Il existe une autre exclusion. En insistant sur l'expression « fondé sur un fondement socioculturel », elle définit un niveau de transformation que le tradipraticien ne doit pas dépasser. Ce fait est explicite dans le décret n° 2004-569/PRES/PM/MS/MCPEA/MECV/MESSRS relatif à l'autorisation de mise sur le marché des médicaments issus de la pharmacopée traditionnelle du Burkina Faso. Le décret stipule à l'article 2 que « les médicaments issus de la pharmacopée traditionnelle sont tous les médicaments formulés et développés par un tradipraticien ou un chercheur à partir des connaissances ou informations issues de la pharmacopée traditionnelle ».
Le décret distingue quatre catégories de médicaments issus de la pharmacopée traditionnelle. Seules les deux premières catégories sont autorisées aux guérisseurs traditionnels. La catégorie 1 « regroupe tous les médicaments préparés par le guérisseur traditionnel pour un patient » et la catégorie 2 « regroupe tous les médicaments préparés par le guérisseur traditionnel et couramment utilisés dans la communauté. Il s'agit de médicaments traditionnels améliorés… ». Les pharmaciens sont autorisés non seulement à fabriquer ces médicaments, comme les guérisseurs traditionnels, mais également à fabriquer les deux autres médicaments développés de manière avancée. Comme le précise l'article 5 du décret, la catégorie 3 « regroupe tous les médicaments préparés par des établissements agréés des industries manufacturières ou pharmaceutiques » répondant à des caractéristiques spécifiées, tandis que la catégorie 4 a la même définition, avec une différence dans le degré de traitement avancé des caractéristiques spécifiées. Globalement, ces règles renforcent la subordination des praticiens de la médecine traditionnelle aux monopoles médical et pharmaceutique, dont le dispositif juridique supposé être destiné à promouvoir la santé des populations, a alors été exploité au profit d'intérêts corporatifs, sous le couvert de l’appareil d’Etat. La règlementation est importante et nécessaire, mais ce ne sont pas toutes les lois qui contribuent à la promotion de l’intérêt publique. En réalité cette réglementation est en cohérence avec le dispositif organisationnel de son application. Ainsi que le souligne Hegel, « Le positif des lois concerne seulement leur forme, d’être, en général, en tant que valables et sues…. Le contenu peut être, en l’occurrence, en soi rationnel, ou bien irrationnel et, par-là, injuste ».

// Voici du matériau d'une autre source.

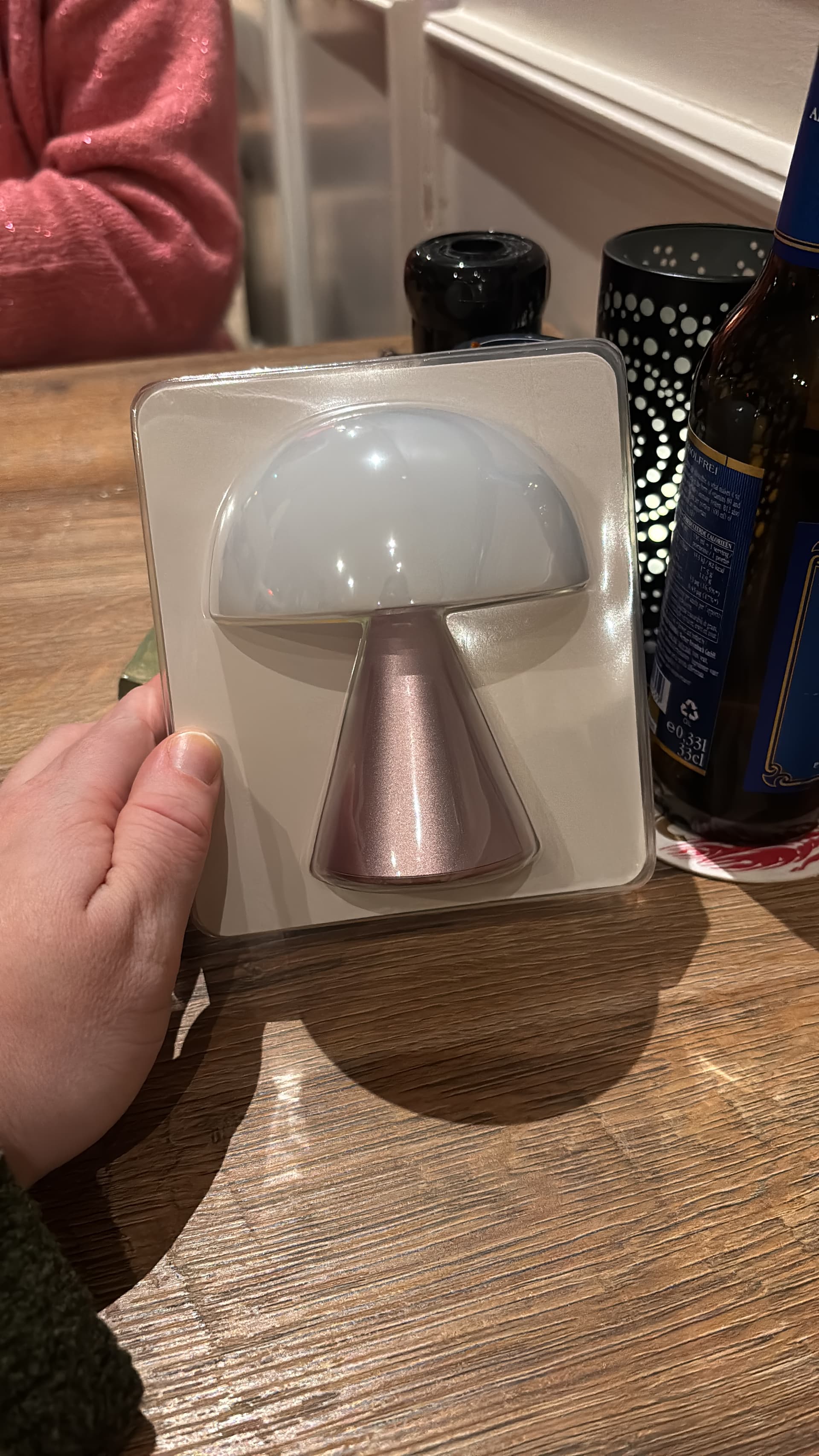 Nieuwe sloffen en een klein, oplaadbaar lampje dat je op verschillende kleuren kan instellen.

C/La bureaucratisation des organisations de praticiens de la pharmacopée et de la médecine traditionnelles. L’organisation bureaucratique signifie d’abord deux choses. Il y a d’une part la rationalité (au sens de technicité, de scientificité), et de l’autre la centralisation. La conséquence du projet d’institutionnalisation de la profession pharmaceutique a été la tendance à la centralisation au niveau de l’espace qui pouvait être occupé au ministère en charge de la santé de ce qui apparaissait aux yeux des pharmaciens une matière pharmaceutique, parce qu’effectivement, établir le pharmacien « comme le technicien du médicament » revenait à l’expropriation complète de cette matière de tout autre acteur. Cette stratégie avait consisté au niveau du ministère d’éviter un conflit juridictionnel avec les médecins. En réalité, le début de cette stratégie remonte à la période coloniale. A cette époque, particulièrement après la Conférence de Brazzaville en 1944 qui consacra le titre de « médecin africain » au « médecin auxiliaire indigène », ces médecins africains vont revendiquer le contrôle de la question médicale et sanitaire vis-à-vis des médecins coloniaux européens. Aux yeux de cette élite, il n’était pas question de parler « médecine traditionnelle », parce que justement elle avait déjà hérité du monopole de cette fonction. Plutôt, les revendications en matière de médecine traditionnelle (alors indigène) se limitaient au développement de la phytothérapie et de la pharmacopée en général mais sous le monopole de la « profession médicale », et en association avec les pharmaciens coloniaux français, qui étaient plus des chercheurs que des praticiens.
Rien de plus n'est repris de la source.